Their economic system has created a world of winners and losers, and the greatest gap between rich and poor in living memory. "Free" trade brought Canada, cited by the UN as the "best" country in which to live, the highest rise in child poverty in the industrialized world--60 percent and counting. I warned them fifteen years ago when they signed the first free-trade agreement between Canada and the United States that they would create a First World in the Third World, a Third World in the First World. And it has happened. I said they would create a global royalty in which politicians and corporate leaders around the world have more in common with one another than with their own citizens, and that they would start to use their security forces against those citizens to protect their corporate interests. And this has happened. I told them that their policies would alienate huge numbers of us and that we would find each other and build a movement. And this has happened too.

Let's talk about vandalism. There was some vandalism yesterday, yes. But where was the first vandalism? The first vandalism was in that scar of a wall they put up in our beautiful city. That wall was the first vandalism. Where is the real violence? Let's talk about that. Well, I say the real violence lies behind that wall, with the thirty-four political leaders and their spin doctors and their corporate friends who bought their way in, sleeping in five-star hotels and eating in five-star restaurants and thinking they can run the world by themselves. Well, I have news for them--there are more of us than there are of them, and we say, No!
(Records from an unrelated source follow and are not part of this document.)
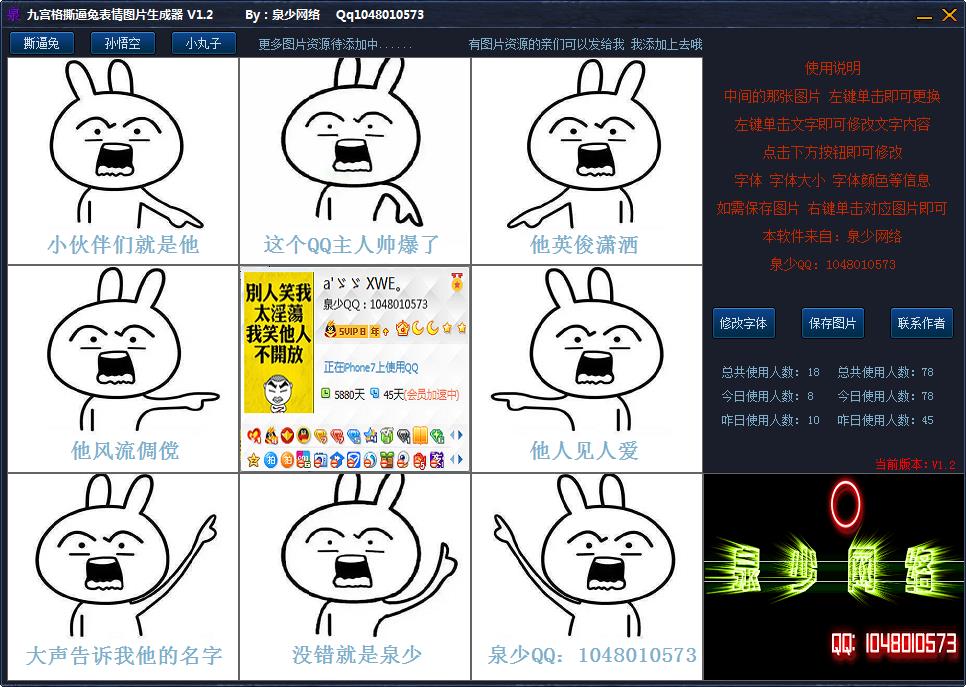 九宫格撕逼兔表情图片生成器是一款免费且便捷的表情制作工具,旨在帮助用户轻松一键生成撕逼兔九宫格表情。所制作的表情可用于发布微博、帖子等,让每个人都能分享自己独特的搞怪表情,欢迎热爱此类创作的朋友们免费下载体验!
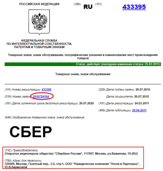 Более подробную информацию о владельце товарного знака можно посмотреть, кликнув на номер заявки. В нижней части открывшегося документа расположены скан-копии заявления с данными о заявителе.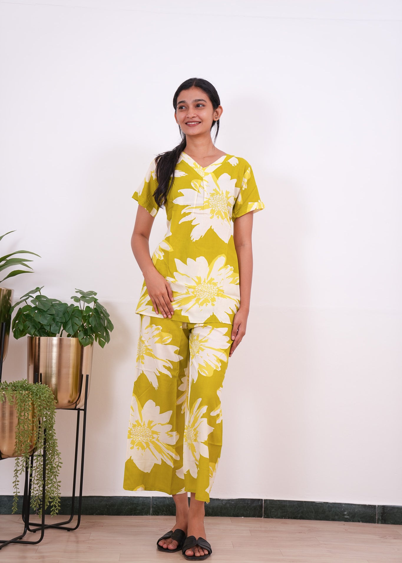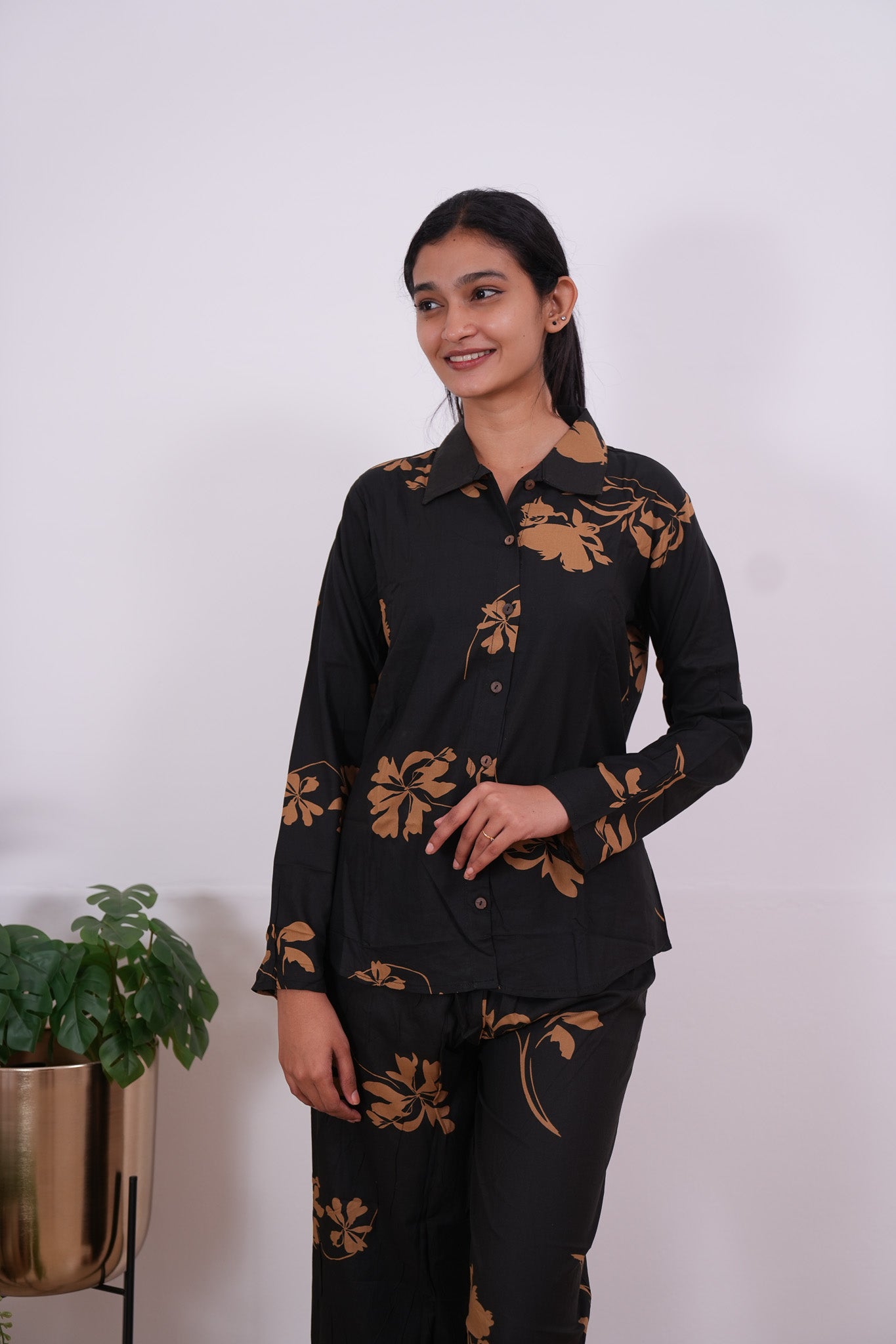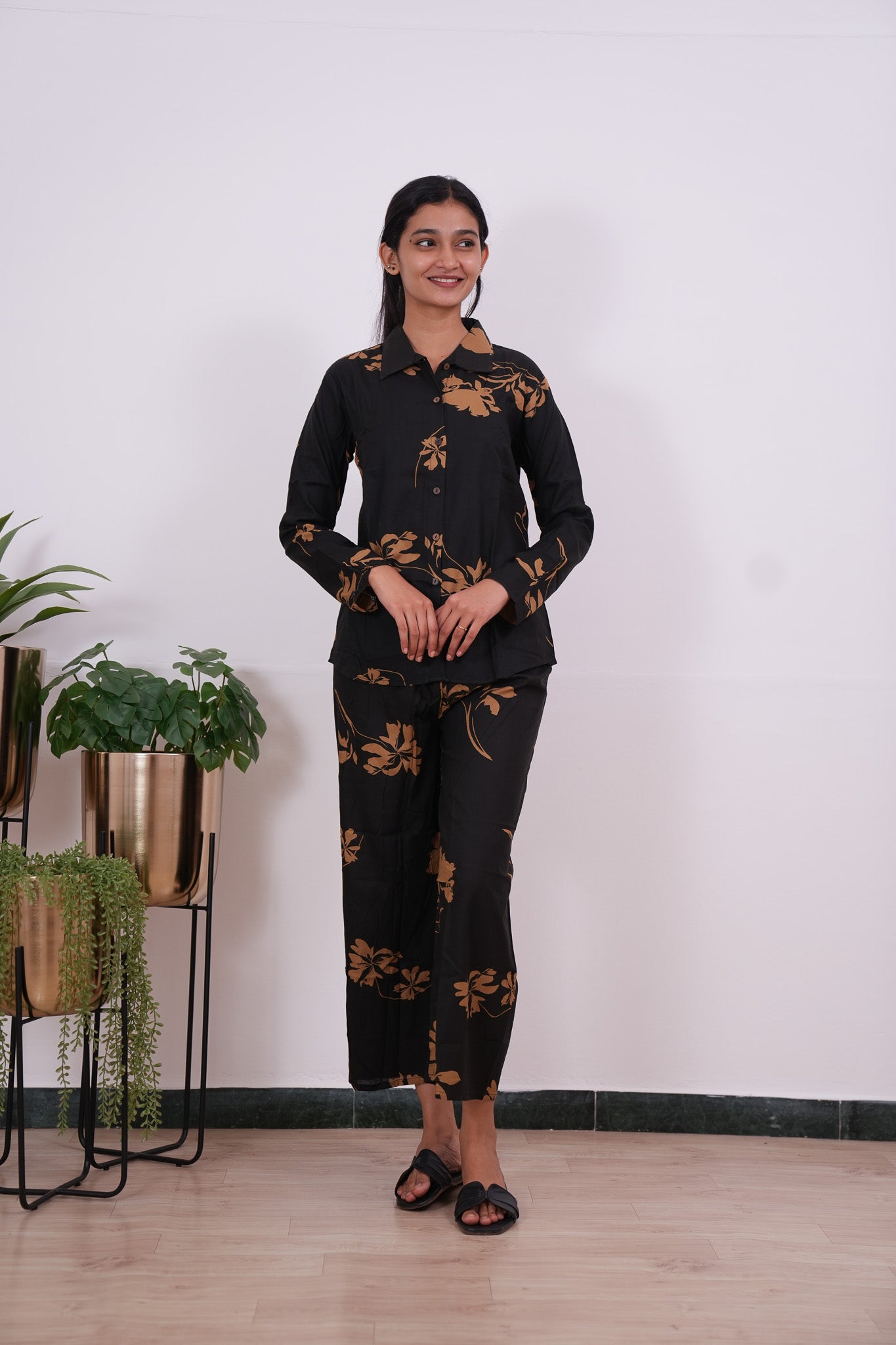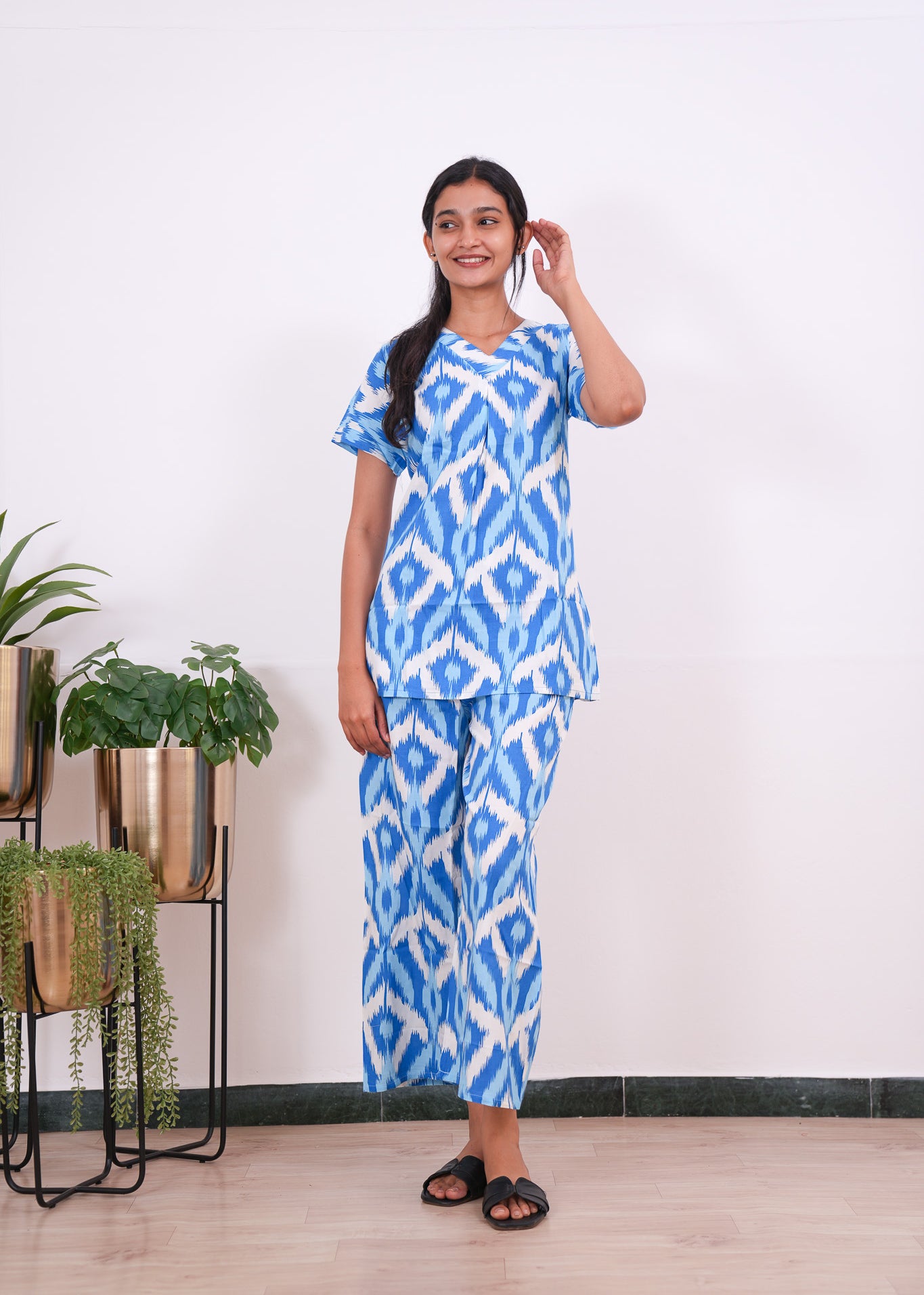 The night suit has a standard collar with openable buttons running down. It comes with matching elastic waisted pants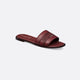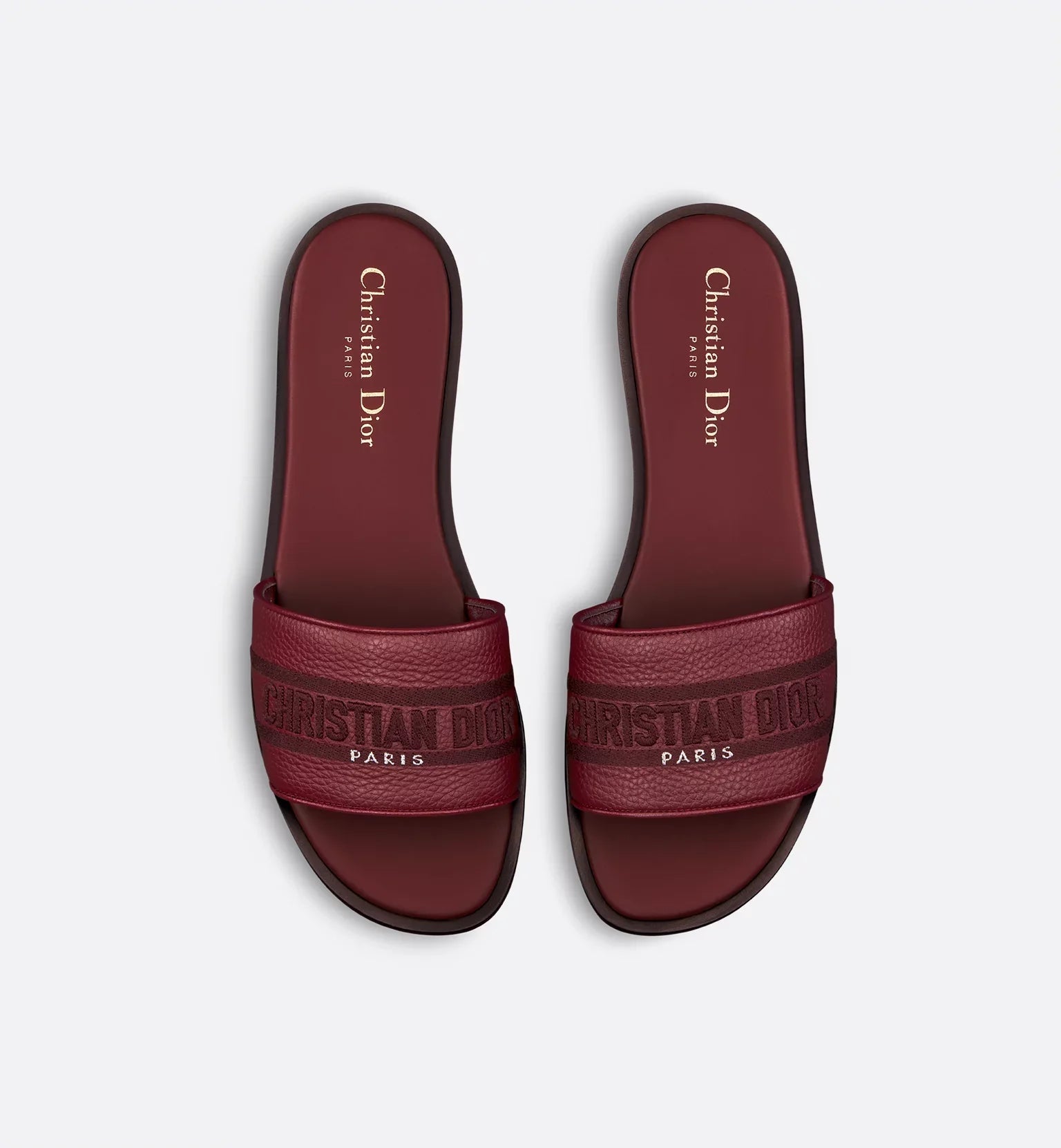 The Dway slide revisits a timeless and emblematic silhouette. The burgundy grained calfskin upper is embroidered with a tonal Christian Dior Paris signature for an instantly recognizable touch, while the padded insole offers optimum comfort. Its streamlined design allows it to be easily slipped on to complete a laid-back outfit.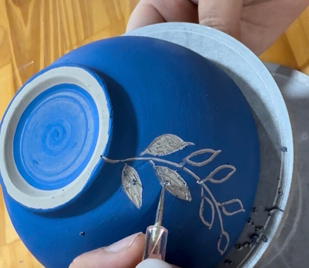Con una herramienta fina (punzón, esteca, aguja o la que uses habitualmente), comenzás a raspar suavemente el engobe hasta que aparece el color de la pasta.

This has been an emotional and difficult time for our movement. There are differences among us, to be sure. But the differences are small compared with what we have in common. And today we come together as a family in our opposition to the soul-destroying FTAA and its plan of corporate domination of our hemisphere. The peoples of the Americas are speaking loudly. We will not be moved. We are making history today and we are standing united.